Dear Miss Emily:

I dated this girl for about two months.  At that time, she really wanted to be with me and just be herself, but because I am in a different place in my life, I wanted her to go to school,  get a serious job – something.  In this process, I made her not like herself, so she left me. The last thing she said to me in tears was, "I knew I loved you from the moment I met you, and I will always love you."  Then she walked inside and shut the door. This freaked me out because this girl lost her father and a boyfriend in about 2 months when she was 18, and since has dated for weeks at a time and avoided relationships.  It's been about two months since she said that to me. Since that day, I have realized that I am an idiot and I let my head get in the way of what my heart wanted.  I freaked when she left and didn't give her much space.

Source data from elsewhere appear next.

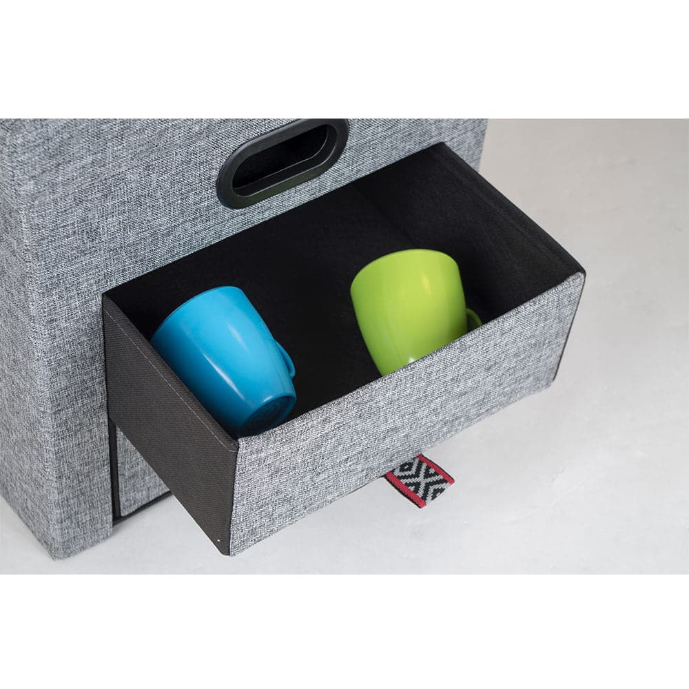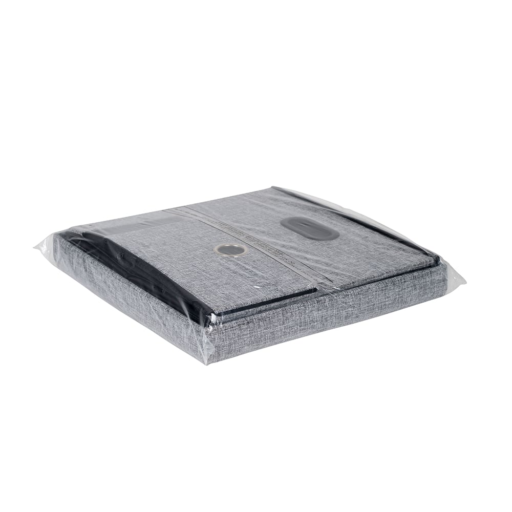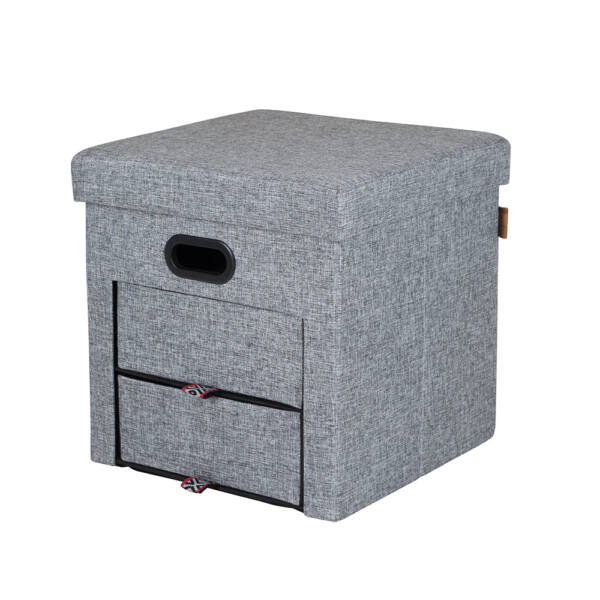 Praktiškas kubo formos pufas iš Oksfordo poliesterio, pilkos spalvos lininis. Sėdynė atlaiko žmogaus svorį iki 100 kg. Stalčiuose galima laikyti įvairius smulkius daiktus.MatmenysAukštis: 40cmPlotis: 40cmIlgis:40cmTechniniai duomenys2 talpūs skyriaiMedžiaga: Oksfordo poliesteris Spalva: pilkaMatmenys sulankstant: 9x40x40xcmSvoris: 4kg
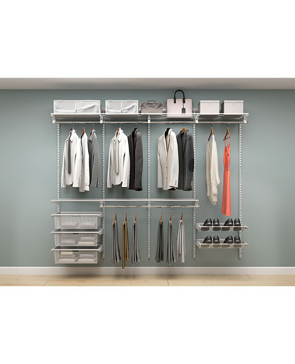 В комплект входят несущие рельсы и навесные направляющие, полки, штанги, аксессуары, крепежные элементы. Можно докупить множество дополнительных компонентов для гардеробной системы.
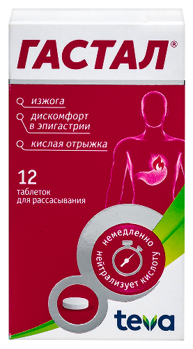 Препарат Гастал® - комбинированное антацидное средство, которое снижает повышенную кислотность желудочного сока и не оказывает стимулирующего влияния на секрецию желудочного сока.
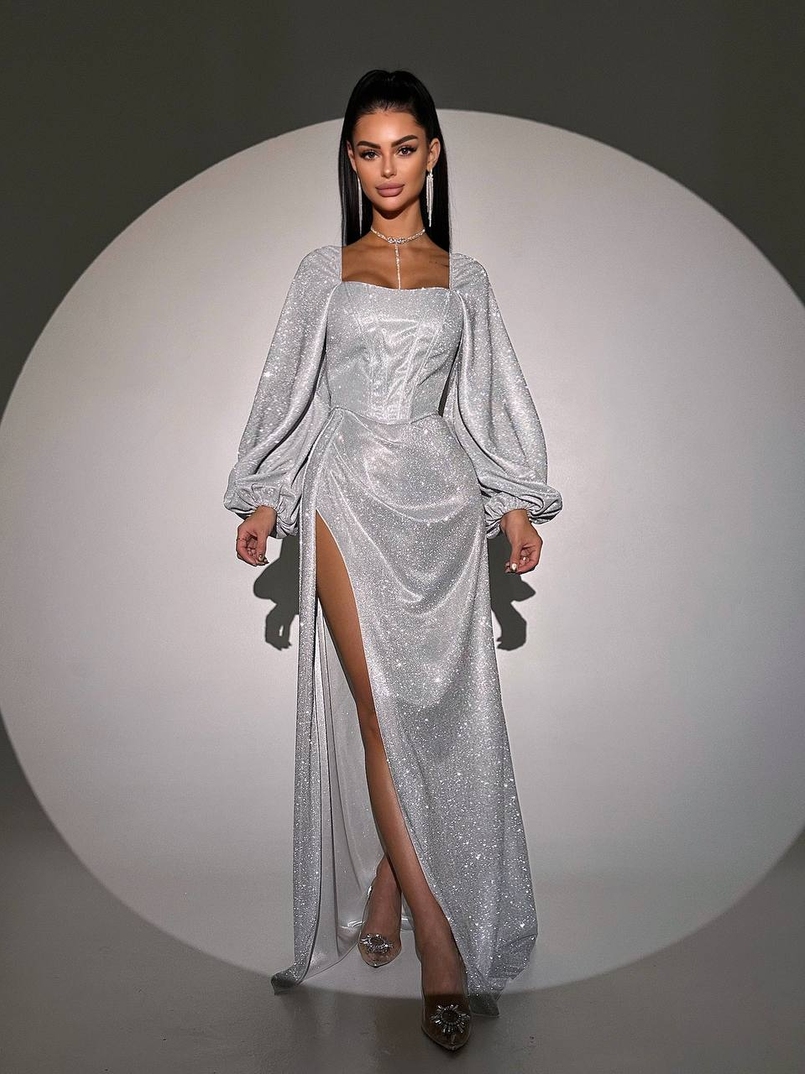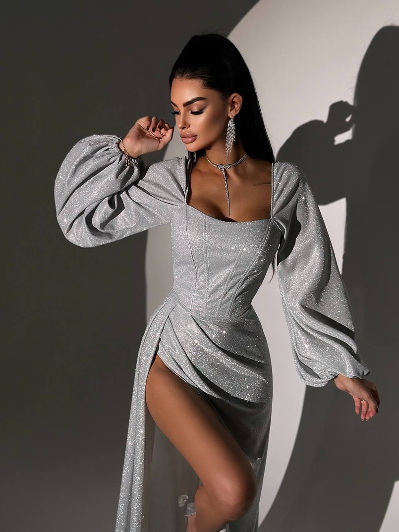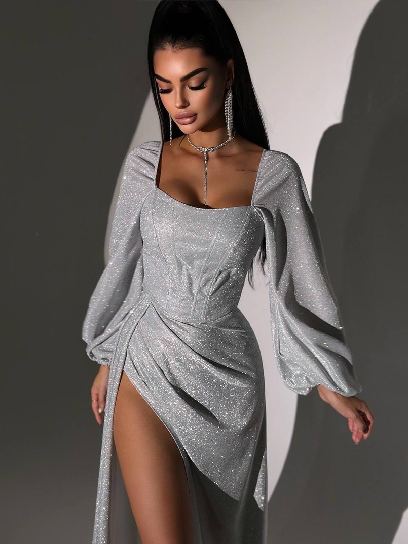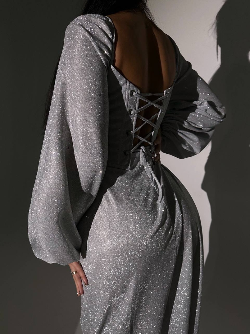 Сяючий комплект: корсет + спідниця максі з драпіруванням
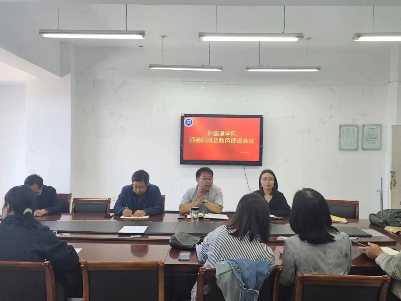 5月11日,外國語學院于都林樓611室召開師德師風及教風建設會議,會議由外國語學院副院長秦紅喜主持,外國語學院黨總支書記朱俊杰和全體教職工參加了此次會議。
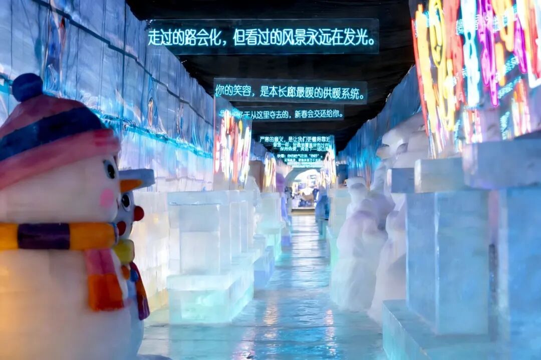 再往前行,便是“时光隧道”——LED灯带随步流转,实现场景化沉浸式体验,节庆光影在冰壁间流淌,满眼皆是陕北年的浓情,步步尽遇塞上冬的欢喜。
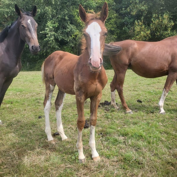 Top pedigree pour ce très beau foal : Père : Kilimandjaro Semilly (Acton Breaker x Baloubet du Rouet) Mère : Vidaline ISO 130 (Quartz du Chanu (L'Arc de Triomphe x Papillon Rouge) x Chenu du Plessis) Penjab d'Herloïne se distingue par son modèle harmonieux, de belles allures et du chic avec ses grandes chaussettes, une belle liste et une tache originale sur le ventre Il est d'un caractère curieux. Il est manipulé depuis la naissance et habitué aux soins courants. ➡️ Foal visible dans le Calvados ➡️ Partira sevré, pucé, vacciné et avec papiers 📌 Convient pour le sport (solides origines CSO) 💶 Prix : 7 000 € ( pas de TVA) 📞 Plus d’informations et photos/vidéos sur demande
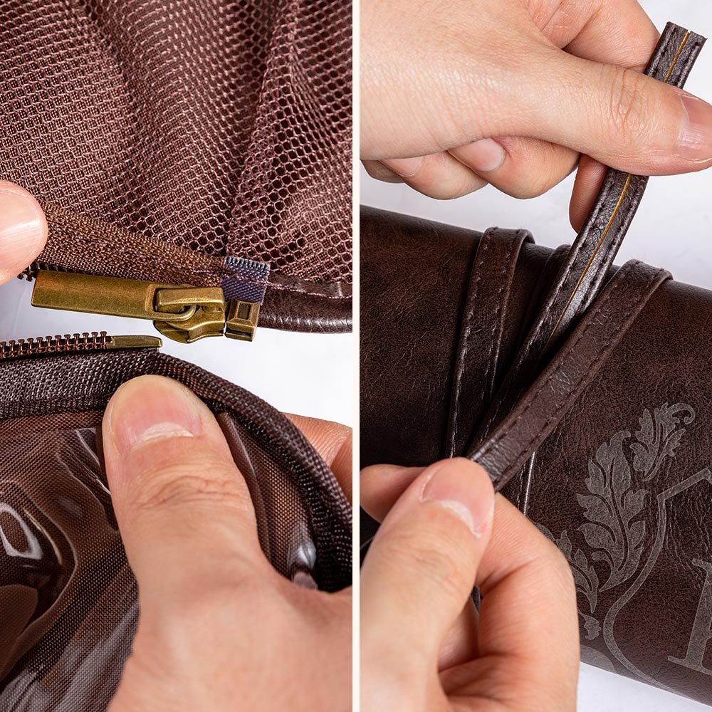 This toiletry bag has a sturdy and durable handle. It can be easily hung on the bathroom or bedroom door handle, making it convenient and space-saving. This toiletry bag can meet all your needs, from business trips to outdoor camping, from daily shaving to travel makeup.

Then I felt hopeless, so I left her alone. The other night I had to see her and it was intense.  She came up, hugged me, and we chatted for 15 seconds and that was about it.  Seeing her cemented the realization that I want nothing more than to be with her. She was noticeably upset and, then, told one of our mutual friends about how hurt she was that things were still weird after all this time. All she has really said is she can't handle this right now.  I have no idea what that means. She knows exactly how I feel, and she knows I want her exactly how she is but either doesn't care or isn't emotionally mature enough to talk to me about it. You know, if she doesn't want me, I don't know why she can't tell me that so I can move on. What is going on here?  Am I wrong for holding on and hoping the hurt will subside and things will change?  How do I show her how I feel and how serious I am about changing the bad parts of our relationship when she won't talk to me right now? Moving on really seems impossible until she tells me for sure what she wants. Please help
Beyond Frustration

------------------Miss Emily's advice-------------

Dear Beyond:

Are you sure she ended up not liking herself at the end of the two months you had together? Or was she smart enough to realize that, yet again, she had met  another man who wanted to control her life, and it was wise to end it.  Either way, some serious emotional hurt marred your chances of a successful relationship. After only a few weeks together, you wanted her to get a serious job, maybe go to school.  This doesn't sound like a fresh, loving relationship, but more like boot camp with a guidance counselor.  It's time to get straight with yourself and figure out why it is that you want her back.  Is it guilt, and you have a dying need to right this wrong?  Was your ego bruised in that she was able to make a clean break without weakening and running back to you?  She may have great qualities, but you weren't together too long before you had suggestions on how she should proceed with her life.  Maybe she even sets herself up for it, but that's not the point.  I firmly believe that one of the biggest mistakes we make in relationships (and a cruel reality when it is discovered) is thinking that we can change a person to fit our ideal.  It then becomes, "Sure I love you for you, I just thought you'd be more..."   This is one reason why 50% of marriages end in divorce.  If she does know how you feel, then leave her alone and let her make the next move if there is one.  And if somewhere down the line you get a second chance, be careful.  I doubt she'll tell you she's decided to take the LSAT and apply for law school but, who knows, stranger things have happened.  Maybe you don't realize this, but your head and heart should be in complete agreement in matters of love. One without the other is a recipe for disappointment.  Soldier on!